HealthLeaders Webinar

Next Friday I’m going to be participating as a panelist in a webcast sponsored by HealthLeadersMedia.com. It’s entitled “The Future of Healthcare Marketing: Blogs, podcasts and other new media.

Other panelists include Nick Jacobs, the blogging CEO of Windber Medical Center, and Kathy Divis, from Greystone.net. I had an opportunity to present with Kathy previously. Today we had a conference call of panelists to go over the program for next Friday, and I think it will be interesting.

TechnoratiTechnorati: , , , , , , , , ,

“Cheers” for Medical News

Cheers medical news

Imagine a medical news community where journalists aren’t bombarded with irrelevant story pitches. Where they don’t receive the dreaded “Did you get my email?” phone follow-ups from PR practitioners. Where journalists have quick and easy access to sources they trust. Where public information officers and PR staff understand each other’s needs and interests, and come together in a common space of mutual respect. “Where everybody knows your name…
“People say I’m a dreamer, but I’m not the only one…”

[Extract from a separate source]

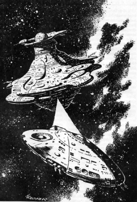 Es ist ein Gebilde mit unendlichen, sich nicht kreuzenden Flächen. Die Außenabmessungen betragen für die „Hutkrempe“ oder den „Äquatorring“ 7000m, für die Höhe von oberer zu unterer Basis ebenfalls 7000m, für die Basis oben und unten jeweils 2500m. Das ganze Gebilde wirkt noch verwirrender und unwirklicher, weil das Auge von zahllosen farbigen Linien in die Irre geführt wird. Es ist eine Art vierdimensionales Labyrinth mit unzähligen Schlauchöffnungen. Innerhalb des sinnverwirrenden Gigantenkomplexes gibt es verschlungene Irrgartenpfade wie in einer modernen Compu-ter-3-D-Graphik.

Well, I am the only one right now, but I’m dreaming that might change. In an earlier post, I mentioned that I had created a new group in Facebook for Health & Medical Journalists and PIOs. But having listened to part of Made to Stick (highly recommended; my review is forthcoming), I was compelled to change the group’s name to: “Cheers” for Medical News.

Journalists have the Association of Health Care Journalists. PIOs have PIONet through Newswise. These are fine organizations, but they have their limits. Though journalists can be collegial, they naturally compete with each other to get the story first. Likewise PIOs and PR practitioners have an interest in pitching their stories and getting their subject experts featured.

“Cheers” could be the place where individuals from both groups come together to meet. Sometimes it would be a public conversation, much as the ones Norm and Cliff had when they left their bean-counting duties and their appointed postal rounds. Other times journalists working on enterprise stories, and PIOs “pitching” ideas, would be like the countless, nameless others on the show having private conversations at the side tables and in the anteroom.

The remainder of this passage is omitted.